## WHAT NEEDS TO BE DONE
In the records below, find the line that contains "Dual aspect timber" and the line that contains "授業では、民族衣装に身を包ん"; write out exactly those two lines and everything between them, without the pictures.
###
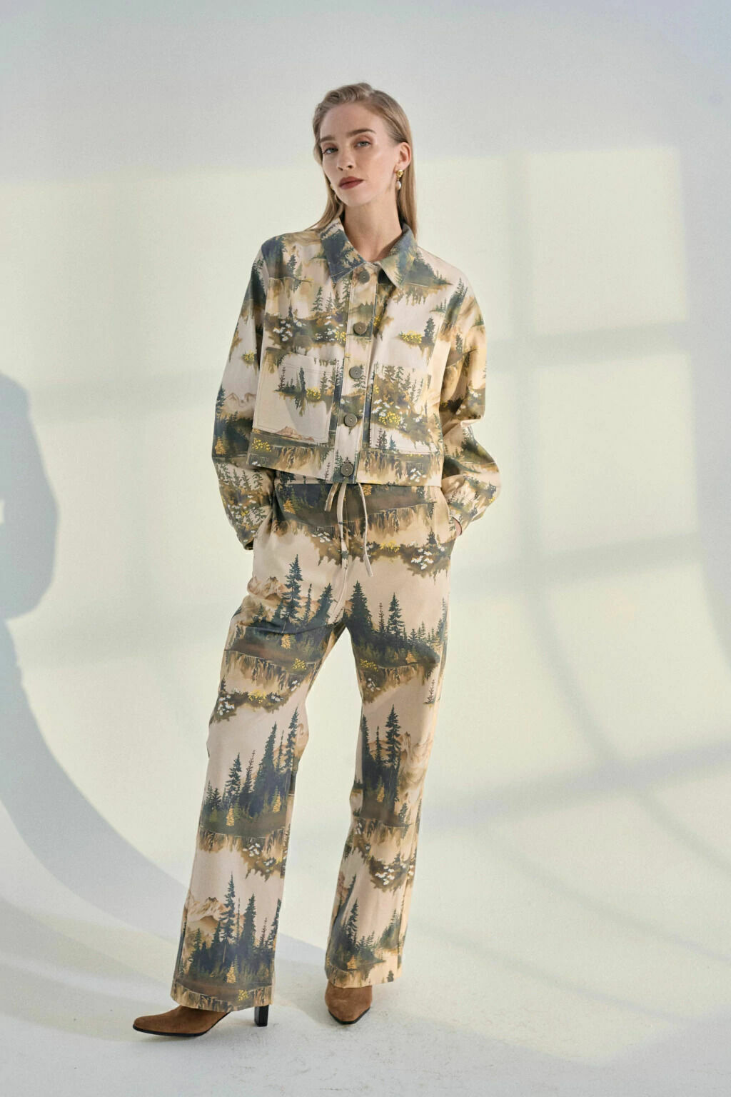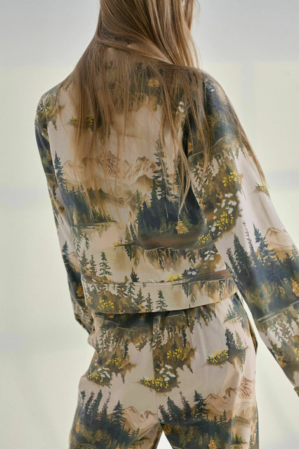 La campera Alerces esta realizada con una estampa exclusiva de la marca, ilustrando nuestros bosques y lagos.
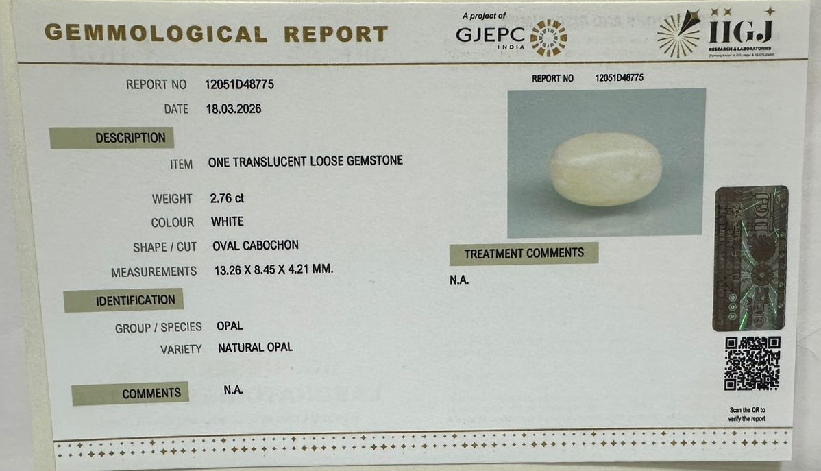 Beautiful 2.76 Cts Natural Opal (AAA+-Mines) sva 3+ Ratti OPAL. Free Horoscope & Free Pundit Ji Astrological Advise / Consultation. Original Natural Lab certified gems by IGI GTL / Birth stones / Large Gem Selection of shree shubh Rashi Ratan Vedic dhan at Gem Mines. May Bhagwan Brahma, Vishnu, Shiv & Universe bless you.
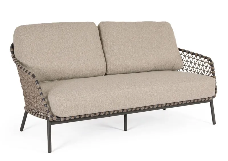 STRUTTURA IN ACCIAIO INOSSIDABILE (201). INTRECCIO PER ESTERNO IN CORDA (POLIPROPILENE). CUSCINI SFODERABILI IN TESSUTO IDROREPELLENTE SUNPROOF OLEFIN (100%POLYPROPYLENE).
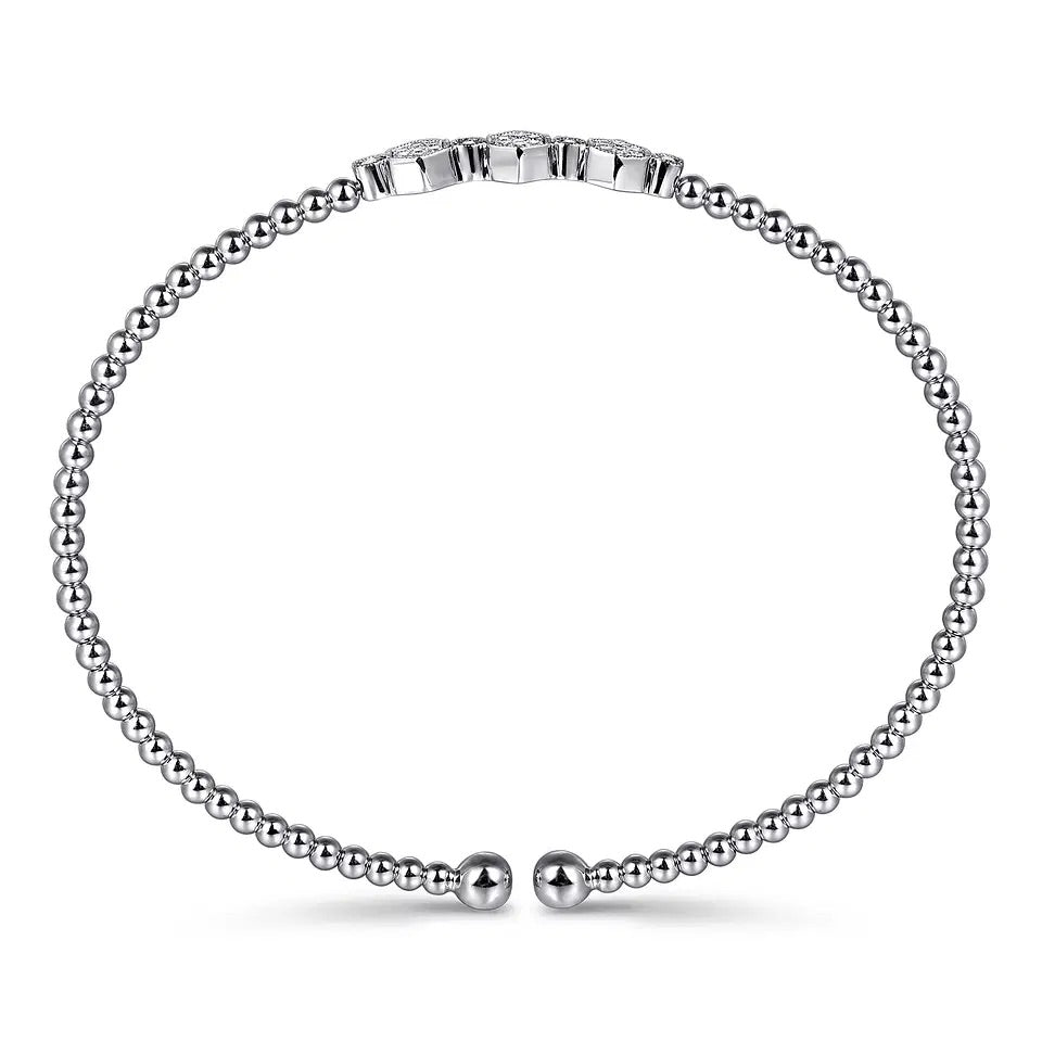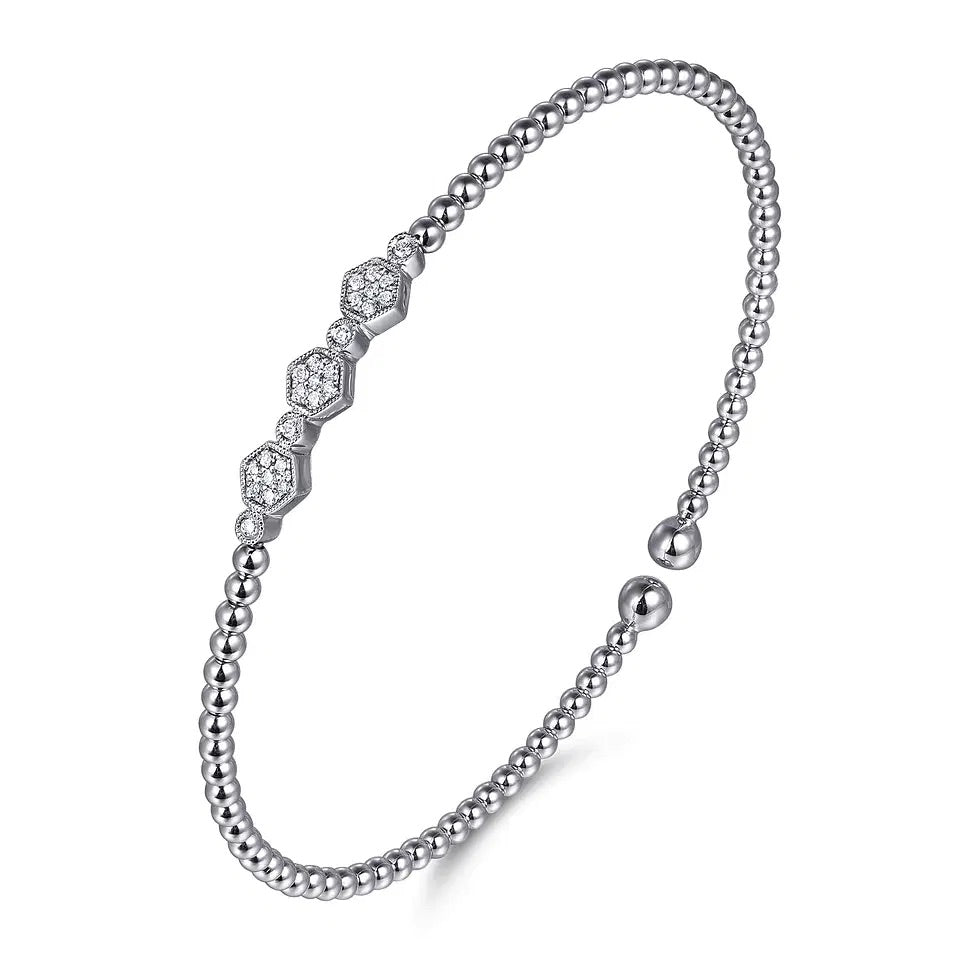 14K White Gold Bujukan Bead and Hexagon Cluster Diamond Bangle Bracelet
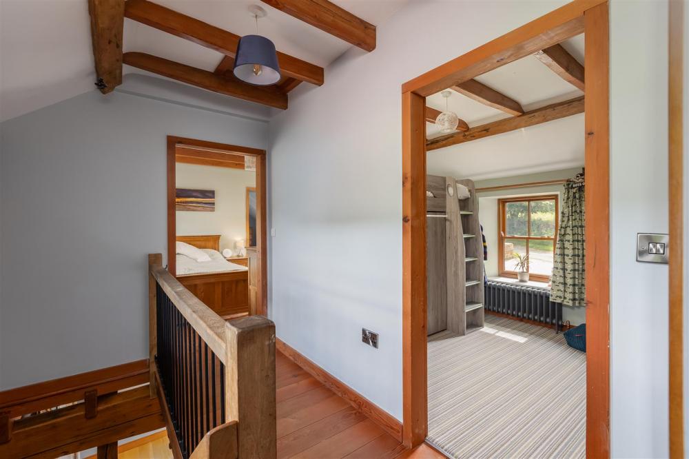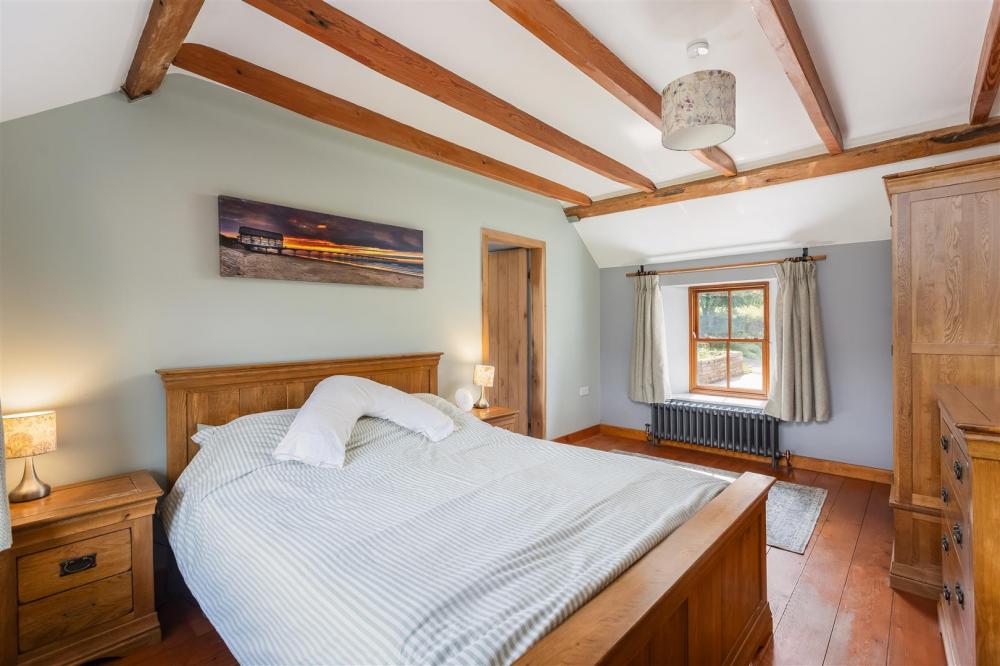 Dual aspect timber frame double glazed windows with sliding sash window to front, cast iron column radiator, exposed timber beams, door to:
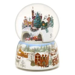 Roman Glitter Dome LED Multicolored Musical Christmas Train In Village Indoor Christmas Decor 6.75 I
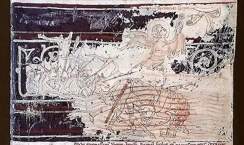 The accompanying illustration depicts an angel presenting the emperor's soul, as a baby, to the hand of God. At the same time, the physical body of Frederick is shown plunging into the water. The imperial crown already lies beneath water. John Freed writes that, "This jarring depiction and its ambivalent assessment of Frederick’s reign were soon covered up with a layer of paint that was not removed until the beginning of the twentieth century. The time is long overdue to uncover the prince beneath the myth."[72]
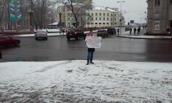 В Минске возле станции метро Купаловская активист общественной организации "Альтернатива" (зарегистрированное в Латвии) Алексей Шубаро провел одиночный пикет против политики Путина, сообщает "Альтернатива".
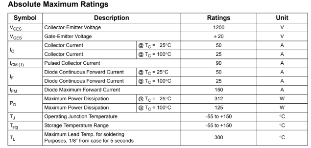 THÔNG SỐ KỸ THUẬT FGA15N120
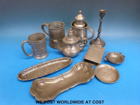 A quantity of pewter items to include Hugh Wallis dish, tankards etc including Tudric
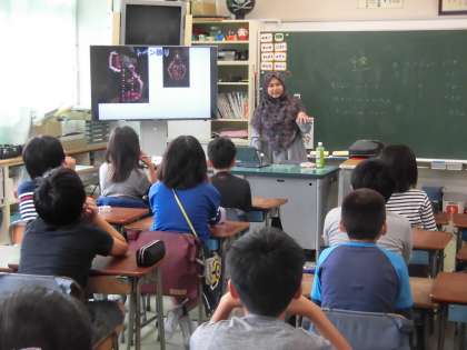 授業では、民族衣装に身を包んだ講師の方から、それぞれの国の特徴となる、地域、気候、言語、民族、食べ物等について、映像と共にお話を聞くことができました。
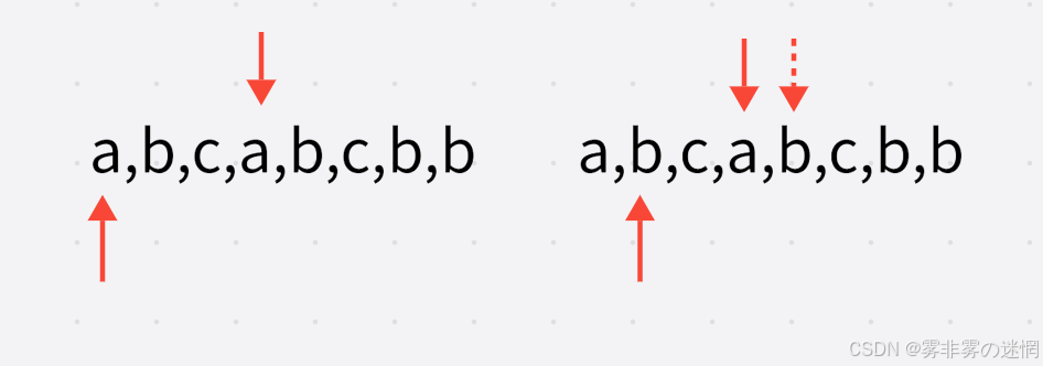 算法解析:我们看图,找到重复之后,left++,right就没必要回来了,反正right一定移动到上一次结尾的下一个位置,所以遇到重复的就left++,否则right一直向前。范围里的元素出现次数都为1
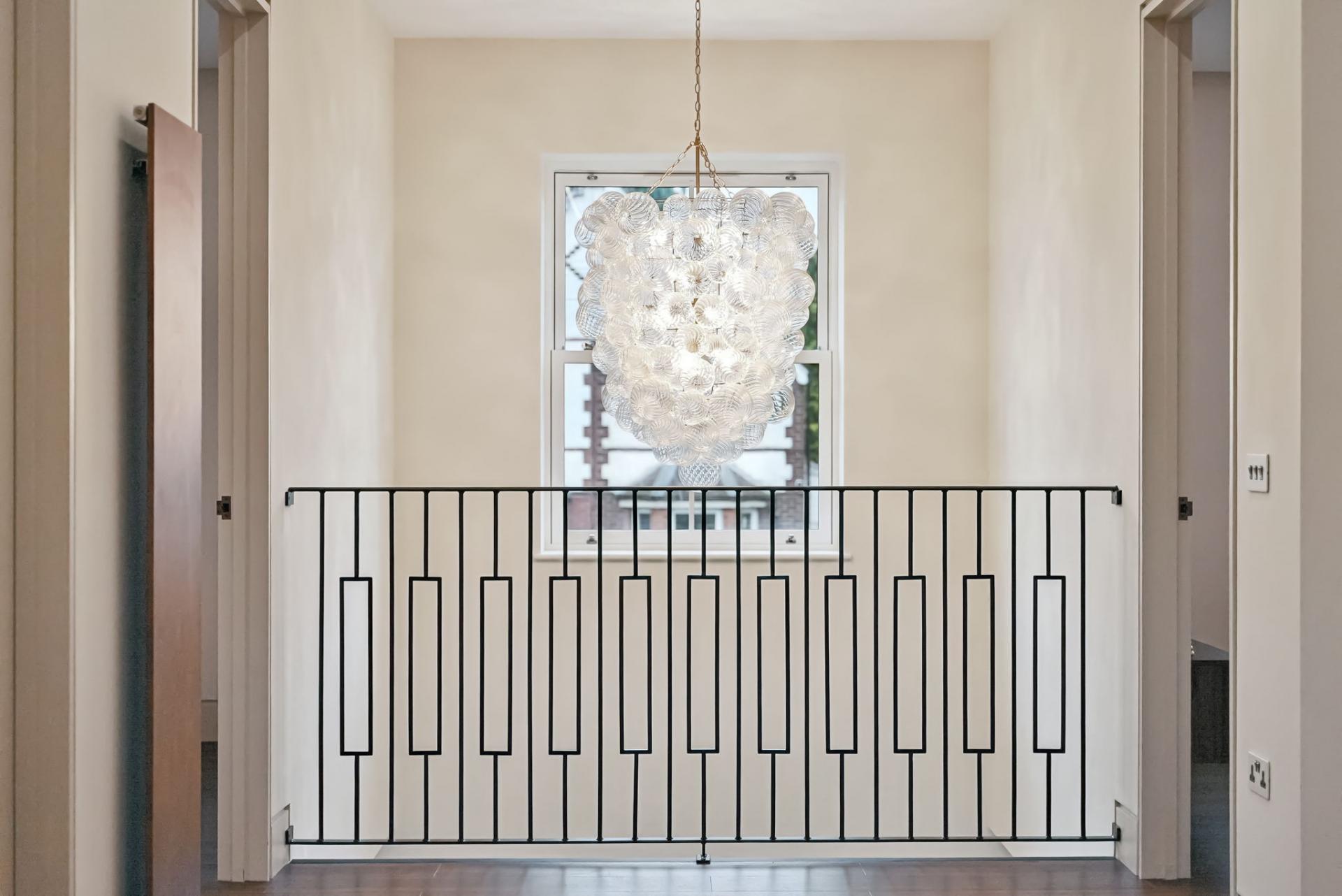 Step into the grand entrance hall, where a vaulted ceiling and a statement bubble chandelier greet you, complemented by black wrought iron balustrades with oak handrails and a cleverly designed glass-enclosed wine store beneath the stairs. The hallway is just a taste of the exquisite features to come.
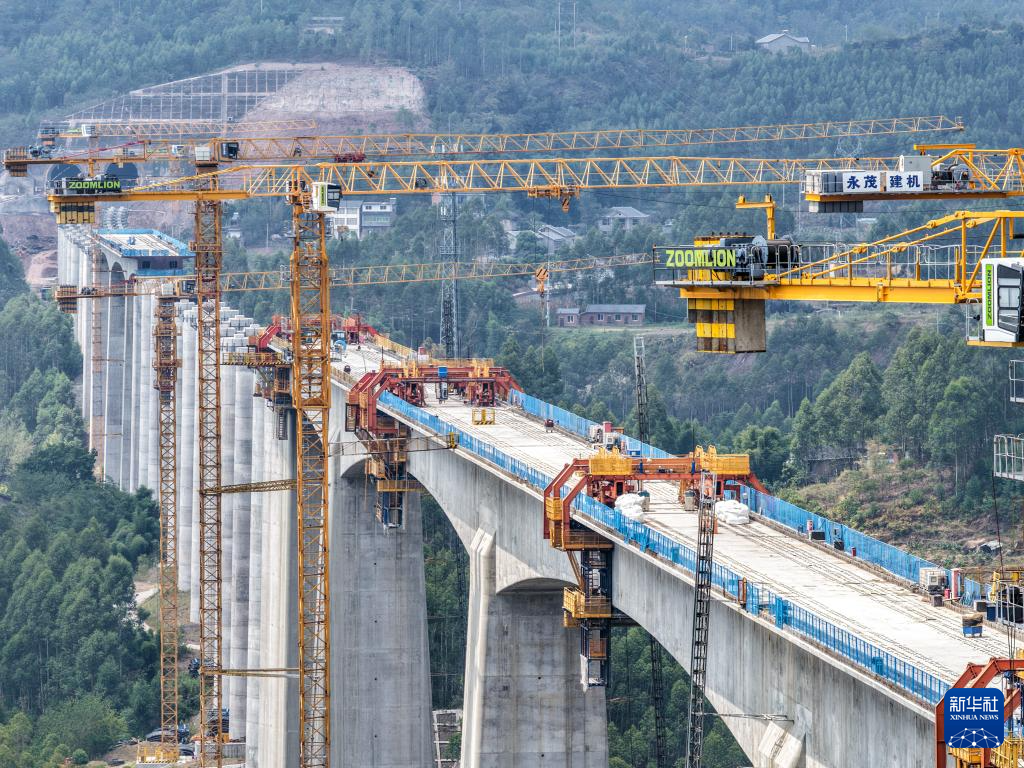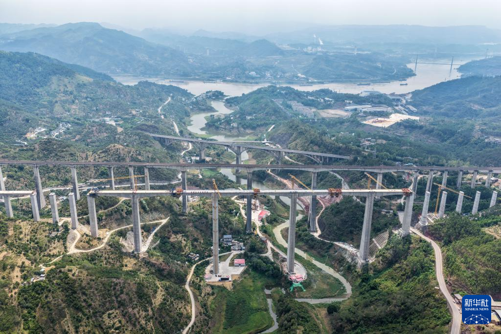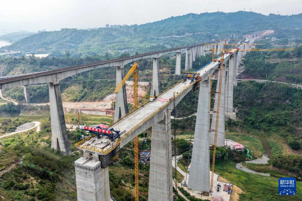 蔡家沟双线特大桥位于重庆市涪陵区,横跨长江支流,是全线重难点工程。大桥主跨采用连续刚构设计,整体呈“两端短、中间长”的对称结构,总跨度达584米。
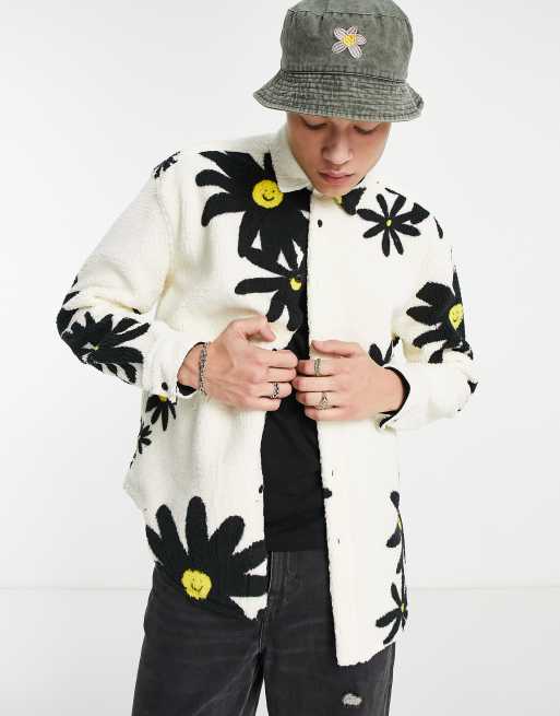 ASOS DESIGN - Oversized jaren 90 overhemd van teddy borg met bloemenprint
###
## RESPONSE TO THIS TASK
 Dual aspect timber frame double glazed windows with sliding sash window to front, cast iron column radiator, exposed timber beams, door to:
 Roman Glitter Dome LED Multicolored Musical Christmas Train In Village Indoor Christmas Decor 6.75 I
 The accompanying illustration depicts an angel presenting the emperor's soul, as a baby, to the hand of God. At the same time, the physical body of Frederick is shown plunging into the water. The imperial crown already lies beneath water. John Freed writes that, "This jarring depiction and its ambivalent assessment of Frederick’s reign were soon covered up with a layer of paint that was not removed until the beginning of the twentieth century. The time is long overdue to uncover the prince beneath the myth."[72]
 В Минске возле станции метро Купаловская активист общественной организации "Альтернатива" (зарегистрированное в Латвии) Алексей Шубаро провел одиночный пикет против политики Путина, сообщает "Альтернатива".
 THÔNG SỐ KỸ THUẬT FGA15N120
 A quantity of pewter items to include Hugh Wallis dish, tankards etc including Tudric
 授業では、民族衣装に身を包んだ講師の方から、それぞれの国の特徴となる、地域、気候、言語、民族、食べ物等について、映像と共にお話を聞くことができました。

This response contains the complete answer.